### Exercise goal
Please copy all of the data that follows exactly, leaving any pictures out.

### Material provided
⟨

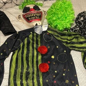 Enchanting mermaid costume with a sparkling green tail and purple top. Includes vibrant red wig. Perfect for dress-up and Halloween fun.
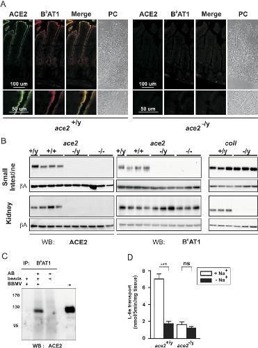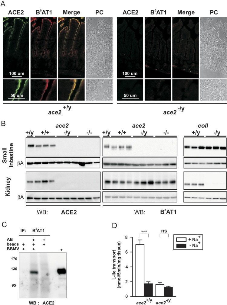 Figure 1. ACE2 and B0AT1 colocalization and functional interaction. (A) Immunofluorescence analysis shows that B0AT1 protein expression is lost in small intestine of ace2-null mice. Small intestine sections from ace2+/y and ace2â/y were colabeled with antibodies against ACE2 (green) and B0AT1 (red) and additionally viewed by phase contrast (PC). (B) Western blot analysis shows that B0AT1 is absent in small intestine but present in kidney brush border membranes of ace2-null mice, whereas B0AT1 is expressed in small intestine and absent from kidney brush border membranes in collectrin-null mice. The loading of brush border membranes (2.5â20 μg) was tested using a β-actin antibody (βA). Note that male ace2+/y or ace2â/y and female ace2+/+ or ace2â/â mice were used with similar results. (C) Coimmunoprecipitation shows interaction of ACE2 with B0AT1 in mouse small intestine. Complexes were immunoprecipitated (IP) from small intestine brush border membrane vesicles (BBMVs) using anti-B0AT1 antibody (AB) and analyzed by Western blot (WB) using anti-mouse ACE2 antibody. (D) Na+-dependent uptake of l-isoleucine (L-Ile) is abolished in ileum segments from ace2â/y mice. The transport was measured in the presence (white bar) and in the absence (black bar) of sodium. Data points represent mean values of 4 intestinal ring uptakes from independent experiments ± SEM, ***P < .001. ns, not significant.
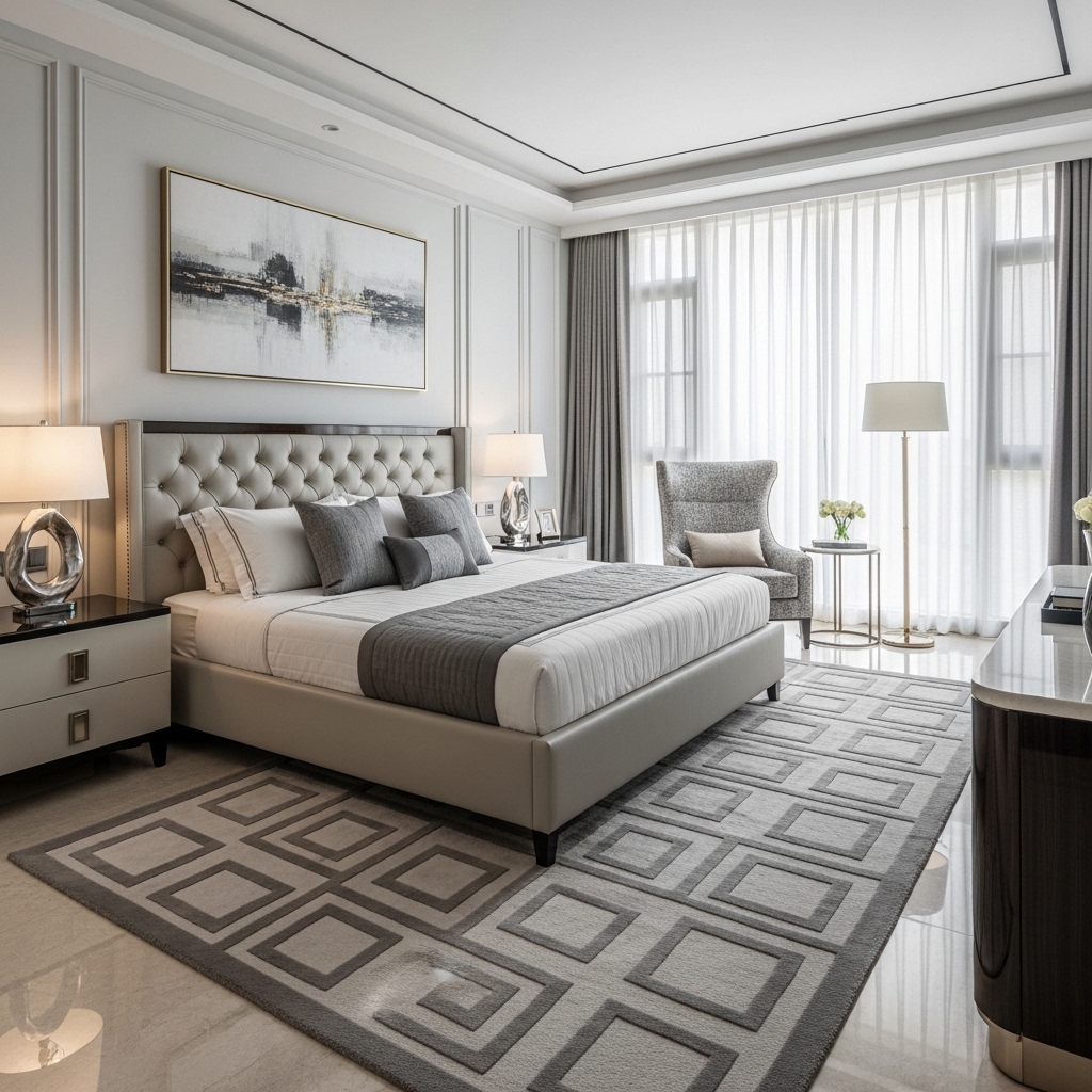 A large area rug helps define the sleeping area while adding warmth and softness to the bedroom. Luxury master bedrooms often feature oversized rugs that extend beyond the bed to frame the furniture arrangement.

⟩

### Task answer
 Enchanting mermaid costume with a sparkling green tail and purple top. Includes vibrant red wig. Perfect for dress-up and Halloween fun.
 Figure 1. ACE2 and B0AT1 colocalization and functional interaction. (A) Immunofluorescence analysis shows that B0AT1 protein expression is lost in small intestine of ace2-null mice. Small intestine sections from ace2+/y and ace2â/y were colabeled with antibodies against ACE2 (green) and B0AT1 (red) and additionally viewed by phase contrast (PC). (B) Western blot analysis shows that B0AT1 is absent in small intestine but present in kidney brush border membranes of ace2-null mice, whereas B0AT1 is expressed in small intestine and absent from kidney brush border membranes in collectrin-null mice. The loading of brush border membranes (2.5â20 μg) was tested using a β-actin antibody (βA). Note that male ace2+/y or ace2â/y and female ace2+/+ or ace2â/â mice were used with similar results. (C) Coimmunoprecipitation shows interaction of ACE2 with B0AT1 in mouse small intestine. Complexes were immunoprecipitated (IP) from small intestine brush border membrane vesicles (BBMVs) using anti-B0AT1 antibody (AB) and analyzed by Western blot (WB) using anti-mouse ACE2 antibody. (D) Na+-dependent uptake of l-isoleucine (L-Ile) is abolished in ileum segments from ace2â/y mice. The transport was measured in the presence (white bar) and in the absence (black bar) of sodium. Data points represent mean values of 4 intestinal ring uptakes from independent experiments ± SEM, ***P < .001. ns, not significant.
 A large area rug helps define the sleeping area while adding warmth and softness to the bedroom. Luxury master bedrooms often feature oversized rugs that extend beyond the bed to frame the furniture arrangement.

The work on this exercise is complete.